Source data
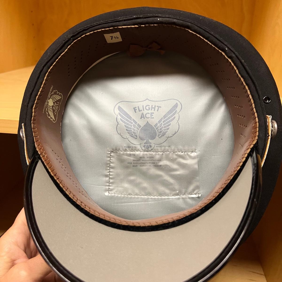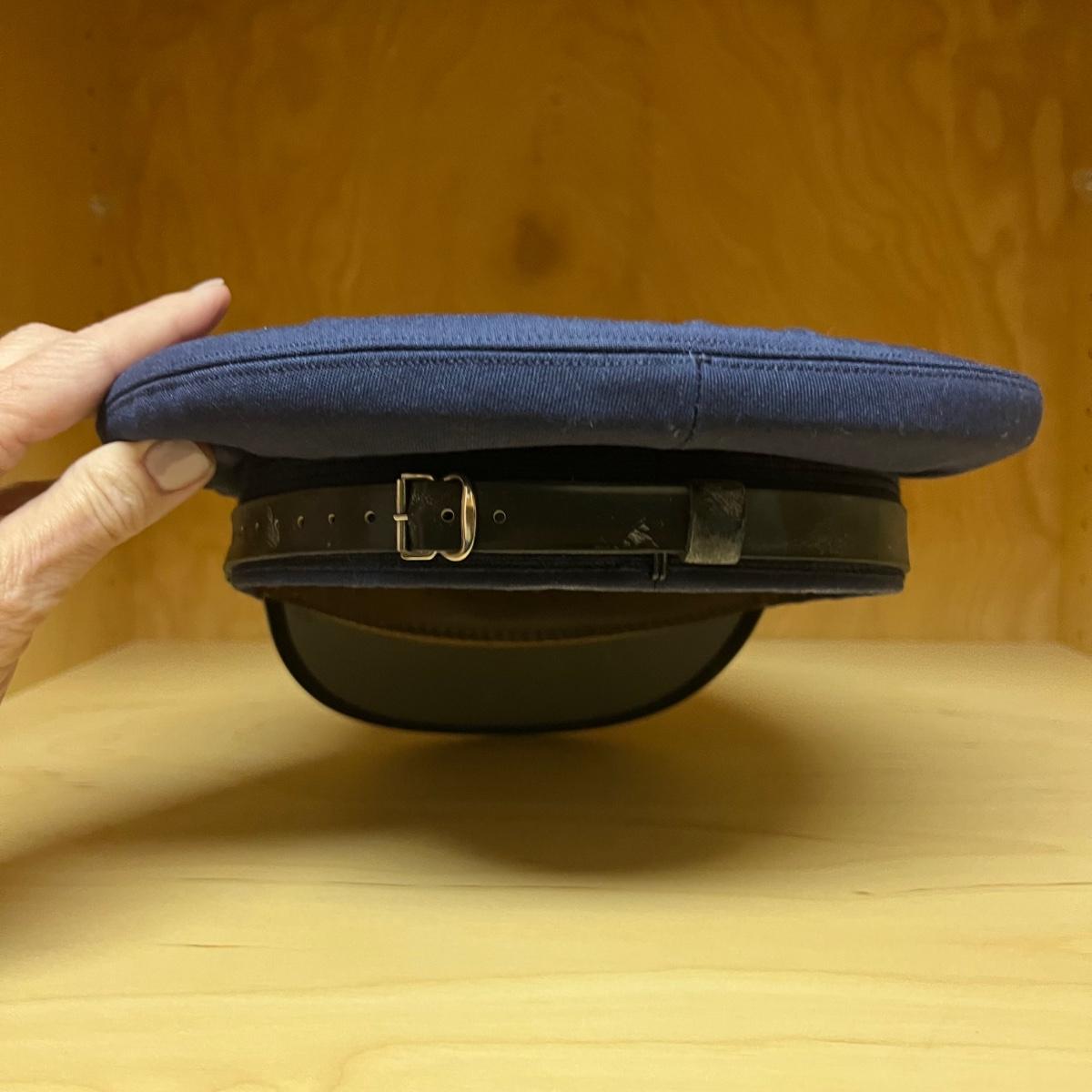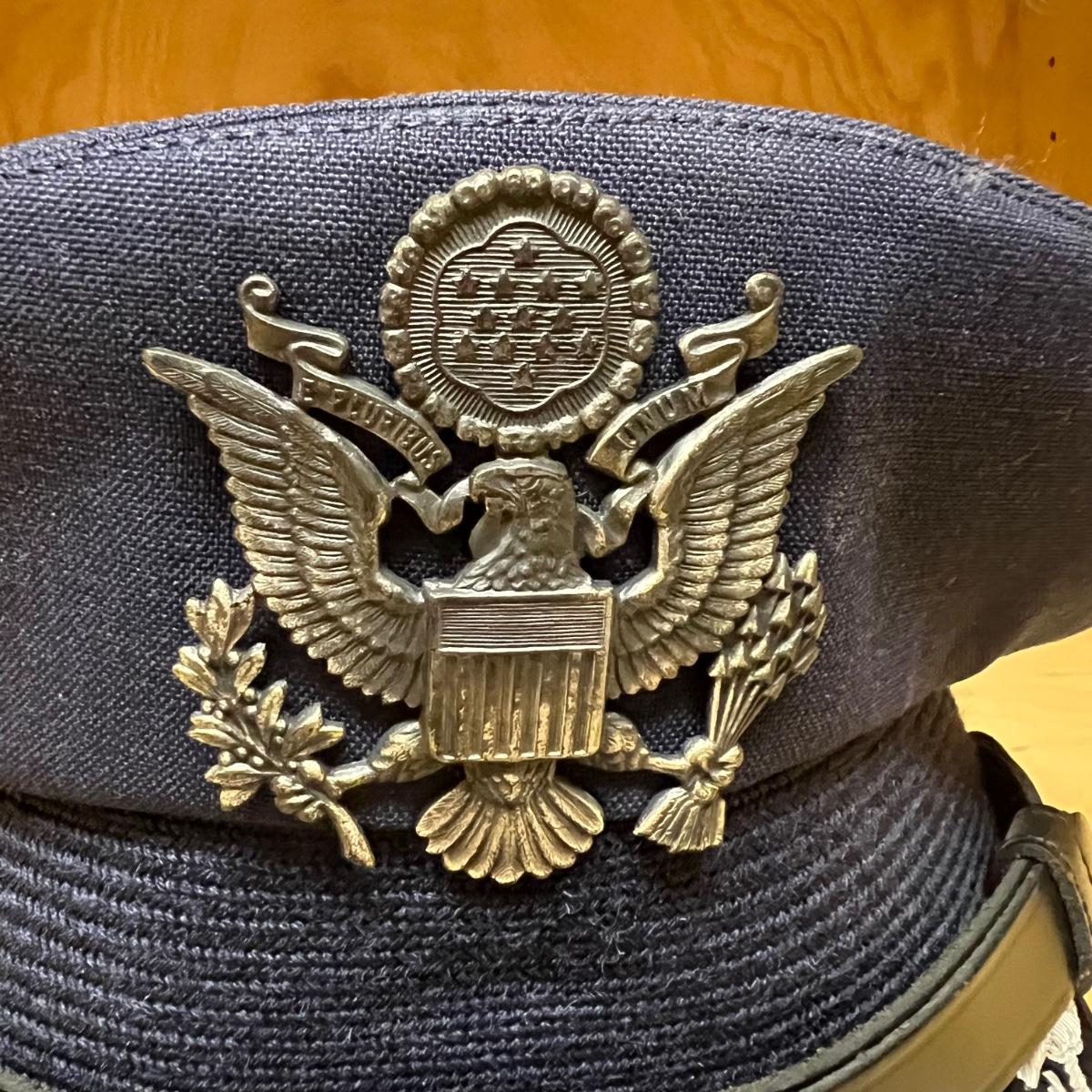 Four US Air Force dress hats. One blue crown cap size large, two US Air force dress officer hats size 7 3/8 and one USAF flight cap (size not available).
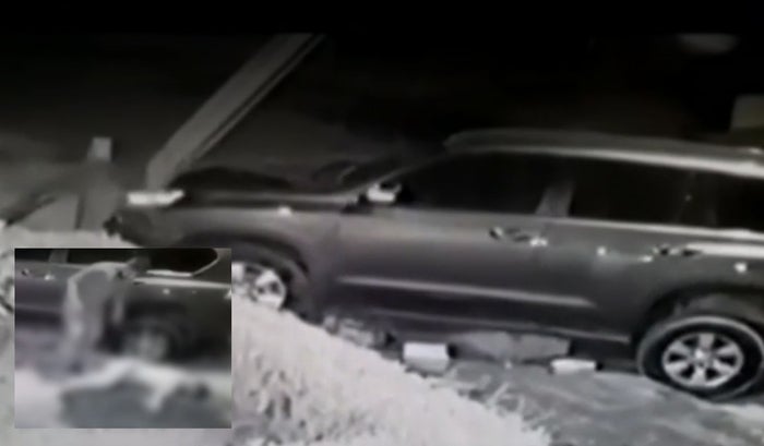 En la grabación se puede observar como una camioneta aparece en la escena y se estrella contra un poste, posteriormente llega corriendo un hombre, que abre la puerta del conductor, baja a la mujer como si fuera una 'muñeca de trapo', la tira al suelo y le pega.
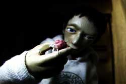 パペット・アニメーションのダイナミクス アニメーションの撮影で最もテクニックが必要とされるパペット(人形)アニメーションの日本の若手作家の良作を特集したプログラム。歴史的に見れば、人の形をしたものが自由自在に動くという古来からの夢への希求が、蒸気や歯車等の精巧なからくりを駆使したオートマトン(自動人形)を生み出したわけだが、現代は仮現運動という視覚のからくりを動力とするパペット・アニメーションとしてその夢は実現されている。 80年代後半、ヤン・シュヴァンクマイエルやブラザーズ・クエイ、イジィ・バルタなどの作品が日本に紹介されて以来、日本におけるパペット・アニメーションの人気は急速に高まり、イメージフォーラム・フェスティバルにもフィルムやビデオで制作された作品が数多く出品された。この人気は現在でも衰えず、同時にいまだに彼らの大きな影響下にあるともいえるが、近年の作家は、自己のカリカチュアとしてパペットを使う傾向が見られる。また、手法的には撮影時のモデル・アニメーションと、それを取り込んだ画面によるCGとしてのアニメーションを実に巧妙に組み合わせている点が新しい。アナログやデジタル、2Dや3Dを必要に応じて使い分け、なおかつ質感の違いを感じさせない。(澤隆志) 作品コメント カラエナ●私達はこの作品を見た人が日常と非日常というものは一体なんだろう、と考えてもらえる様なものを目指した。我々の普段知っている(つもりになっている)日常や非日常というものは決して普遍的ではなく、その境界は危ういバランスの上に成り立っている。その点をテーマにし、私たちが生れたときから見ているTVによって刷り込まれた物語の文法を利用しつつ、徐々に物語そのものを壊してしまうような作品を制作した。(池田泰教+岩田勝巳) 陰 隠輪花●東洋には、世界には陰と陽の相反するもののバランスで成り立っているという思想がある。この作品は、人間の中に潜む意識と無意識の世界の交錯、虚と実、男と女、人工と自然、破壊と構築などといった対になるイメージがそれぞれ、物語における一人の男の浄化・再生の作用、それに反する消去の作用と結合する。そして、それらは反比例的に高まり、最後には逆転するという矛盾も表現した。それは、まるでメビウスの帯の面を指でなぞるかの様でもある。(柏尾和直) certain night, certain place (the record of a man) ●この作品は、アニメーションを用いた彫刻作品である。主人公は鉄製の人間である。鉄が錆びていく様子を映像にし、主人公の置かれた非常な状況と刻々と過ぎてゆく時間を表現した。限られた空間の中で、避けられない災難にあった時、その人はできる限りの抵抗を試みるが...。抵抗をやめ災難を受け入れる時その人は何を失い、何を手に入れたのか?(大橋英子) 阿片譚●1930年代の上海。烟館の一室で男が煙を食している。妄想する男を軸に「落語」を演じてみたかった。(倉重哲二) 明かりの中の会話●私は以前から舞台の袖や奈落や簀の子に隠れている誰かを探し続けている。その誰かは私たちに見えない様にこちらを観察し、そして私たちを操っている様に思える。自分が操っていると思っていた物に実は、操られていたとしたら..。それを人間と人形で表現してみました。(神山千恵) 玉蟲少年●幻の昆虫「時計蟲」を捕まえることを夢見る少年のファンタジー・ムービー。「トワイライトに輝く夕刻。教も"彼"を探しに歯車山へでかけました。やっと見つけた"彼"を追いかけ、迷い込んだ空間は、実は"彼"の体内だった」。無限に続く円環構造と、少年の夢を2重螺旋で絡めたパペット・ アニメーション。(岩井天志) |

Task to complete
When you retype the listing, keep every line exactly as it is and drop the pictures.

Exercise solution
 Four US Air Force dress hats. One blue crown cap size large, two US Air force dress officer hats size 7 3/8 and one USAF flight cap (size not available).
 En la grabación se puede observar como una camioneta aparece en la escena y se estrella contra un poste, posteriormente llega corriendo un hombre, que abre la puerta del conductor, baja a la mujer como si fuera una 'muñeca de trapo', la tira al suelo y le pega.
 パペット・アニメーションのダイナミクス アニメーションの撮影で最もテクニックが必要とされるパペット(人形)アニメーションの日本の若手作家の良作を特集したプログラム。歴史的に見れば、人の形をしたものが自由自在に動くという古来からの夢への希求が、蒸気や歯車等の精巧なからくりを駆使したオートマトン(自動人形)を生み出したわけだが、現代は仮現運動という視覚のからくりを動力とするパペット・アニメーションとしてその夢は実現されている。 80年代後半、ヤン・シュヴァンクマイエルやブラザーズ・クエイ、イジィ・バルタなどの作品が日本に紹介されて以来、日本におけるパペット・アニメーションの人気は急速に高まり、イメージフォーラム・フェスティバルにもフィルムやビデオで制作された作品が数多く出品された。この人気は現在でも衰えず、同時にいまだに彼らの大きな影響下にあるともいえるが、近年の作家は、自己のカリカチュアとしてパペットを使う傾向が見られる。また、手法的には撮影時のモデル・アニメーションと、それを取り込んだ画面によるCGとしてのアニメーションを実に巧妙に組み合わせている点が新しい。アナログやデジタル、2Dや3Dを必要に応じて使い分け、なおかつ質感の違いを感じさせない。(澤隆志) 作品コメント カラエナ●私達はこの作品を見た人が日常と非日常というものは一体なんだろう、と考えてもらえる様なものを目指した。我々の普段知っている(つもりになっている)日常や非日常というものは決して普遍的ではなく、その境界は危ういバランスの上に成り立っている。その点をテーマにし、私たちが生れたときから見ているTVによって刷り込まれた物語の文法を利用しつつ、徐々に物語そのものを壊してしまうような作品を制作した。(池田泰教+岩田勝巳) 陰 隠輪花●東洋には、世界には陰と陽の相反するもののバランスで成り立っているという思想がある。この作品は、人間の中に潜む意識と無意識の世界の交錯、虚と実、男と女、人工と自然、破壊と構築などといった対になるイメージがそれぞれ、物語における一人の男の浄化・再生の作用、それに反する消去の作用と結合する。そして、それらは反比例的に高まり、最後には逆転するという矛盾も表現した。それは、まるでメビウスの帯の面を指でなぞるかの様でもある。(柏尾和直) certain night, certain place (the record of a man) ●この作品は、アニメーションを用いた彫刻作品である。主人公は鉄製の人間である。鉄が錆びていく様子を映像にし、主人公の置かれた非常な状況と刻々と過ぎてゆく時間を表現した。限られた空間の中で、避けられない災難にあった時、その人はできる限りの抵抗を試みるが...。抵抗をやめ災難を受け入れる時その人は何を失い、何を手に入れたのか?(大橋英子) 阿片譚●1930年代の上海。烟館の一室で男が煙を食している。妄想する男を軸に「落語」を演じてみたかった。(倉重哲二) 明かりの中の会話●私は以前から舞台の袖や奈落や簀の子に隠れている誰かを探し続けている。その誰かは私たちに見えない様にこちらを観察し、そして私たちを操っている様に思える。自分が操っていると思っていた物に実は、操られていたとしたら..。それを人間と人形で表現してみました。(神山千恵) 玉蟲少年●幻の昆虫「時計蟲」を捕まえることを夢見る少年のファンタジー・ムービー。「トワイライトに輝く夕刻。教も"彼"を探しに歯車山へでかけました。やっと見つけた"彼"を追いかけ、迷い込んだ空間は、実は"彼"の体内だった」。無限に続く円環構造と、少年の夢を2重螺旋で絡めたパペット・ アニメーション。(岩井天志) |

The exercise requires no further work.